* _To do_: Using the records below, write out only the lines from the line containing "大公文匯全媒體記者今早10時" up to and including the line containing "de comedias |", exactly, with no pictures.

* _Available data_:

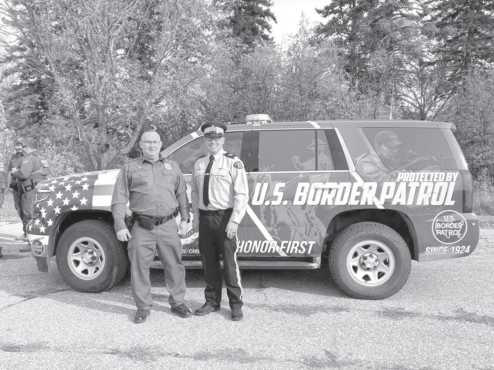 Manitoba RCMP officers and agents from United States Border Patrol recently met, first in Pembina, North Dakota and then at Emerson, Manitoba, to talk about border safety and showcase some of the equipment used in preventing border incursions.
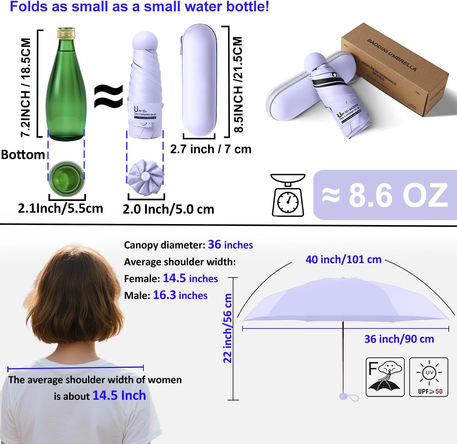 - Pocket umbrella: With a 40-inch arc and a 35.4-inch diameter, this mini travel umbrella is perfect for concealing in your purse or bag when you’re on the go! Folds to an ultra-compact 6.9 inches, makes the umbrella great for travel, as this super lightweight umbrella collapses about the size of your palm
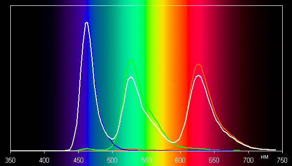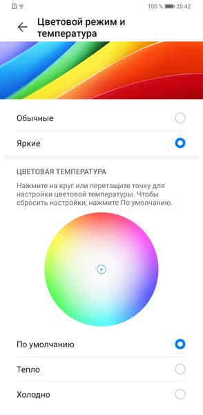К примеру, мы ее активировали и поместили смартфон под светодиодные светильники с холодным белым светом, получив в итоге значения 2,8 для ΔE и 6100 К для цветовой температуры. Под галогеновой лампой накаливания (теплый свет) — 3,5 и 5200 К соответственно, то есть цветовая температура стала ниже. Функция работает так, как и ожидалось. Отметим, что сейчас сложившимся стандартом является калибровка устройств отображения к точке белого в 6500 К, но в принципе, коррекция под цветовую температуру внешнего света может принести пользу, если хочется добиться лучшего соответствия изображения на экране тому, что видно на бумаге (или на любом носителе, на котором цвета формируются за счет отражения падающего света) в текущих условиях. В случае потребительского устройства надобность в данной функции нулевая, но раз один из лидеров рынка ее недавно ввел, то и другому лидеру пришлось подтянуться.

---

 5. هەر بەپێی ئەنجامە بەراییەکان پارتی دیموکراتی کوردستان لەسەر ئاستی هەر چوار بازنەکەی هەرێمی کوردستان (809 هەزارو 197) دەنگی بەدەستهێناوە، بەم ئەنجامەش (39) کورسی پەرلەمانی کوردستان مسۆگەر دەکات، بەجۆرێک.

==

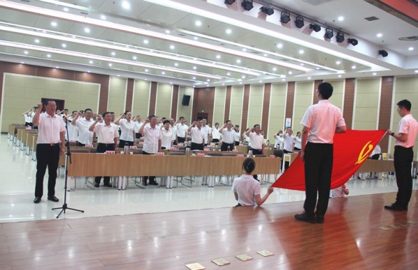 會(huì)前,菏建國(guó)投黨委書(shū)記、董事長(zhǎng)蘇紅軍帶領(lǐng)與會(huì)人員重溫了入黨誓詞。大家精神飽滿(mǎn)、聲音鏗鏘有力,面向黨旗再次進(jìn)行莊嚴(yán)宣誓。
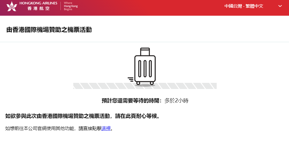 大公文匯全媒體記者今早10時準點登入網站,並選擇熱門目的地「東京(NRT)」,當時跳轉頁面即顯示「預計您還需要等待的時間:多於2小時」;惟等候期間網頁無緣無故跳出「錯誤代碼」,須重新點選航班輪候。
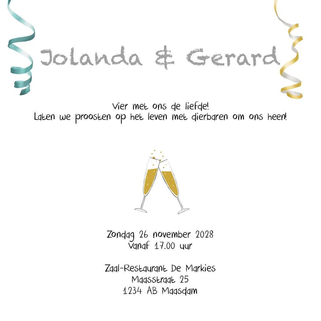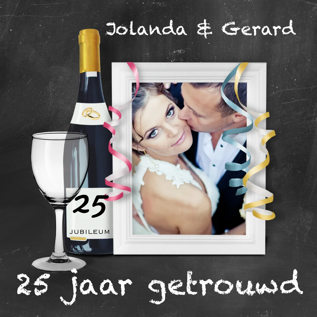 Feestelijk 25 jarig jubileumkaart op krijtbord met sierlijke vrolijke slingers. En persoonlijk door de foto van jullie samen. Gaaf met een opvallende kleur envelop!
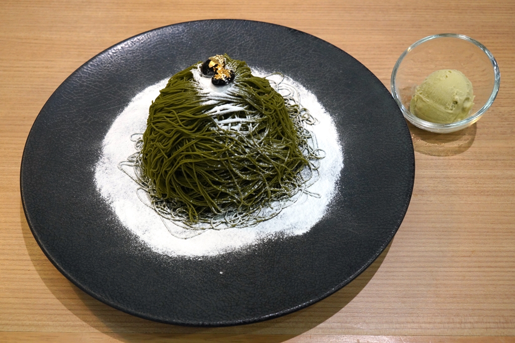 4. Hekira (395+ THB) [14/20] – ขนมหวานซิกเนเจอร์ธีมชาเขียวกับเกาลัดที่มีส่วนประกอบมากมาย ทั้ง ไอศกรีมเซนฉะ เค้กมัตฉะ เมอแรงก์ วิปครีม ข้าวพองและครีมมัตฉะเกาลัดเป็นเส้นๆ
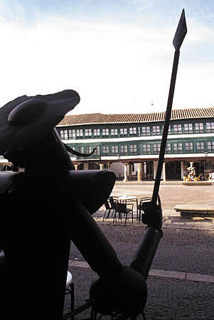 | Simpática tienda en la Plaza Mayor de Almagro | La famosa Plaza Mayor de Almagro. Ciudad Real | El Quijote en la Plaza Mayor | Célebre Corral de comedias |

* _Final answer_:
 大公文匯全媒體記者今早10時準點登入網站,並選擇熱門目的地「東京(NRT)」,當時跳轉頁面即顯示「預計您還需要等待的時間:多於2小時」;惟等候期間網頁無緣無故跳出「錯誤代碼」,須重新點選航班輪候。
 Feestelijk 25 jarig jubileumkaart op krijtbord met sierlijke vrolijke slingers. En persoonlijk door de foto van jullie samen. Gaaf met een opvallende kleur envelop!
 4. Hekira (395+ THB) [14/20] – ขนมหวานซิกเนเจอร์ธีมชาเขียวกับเกาลัดที่มีส่วนประกอบมากมาย ทั้ง ไอศกรีมเซนฉะ เค้กมัตฉะ เมอแรงก์ วิปครีม ข้าวพองและครีมมัตฉะเกาลัดเป็นเส้นๆ
 | Simpática tienda en la Plaza Mayor de Almagro | La famosa Plaza Mayor de Almagro. Ciudad Real | El Quijote en la Plaza Mayor | Célebre Corral de comedias |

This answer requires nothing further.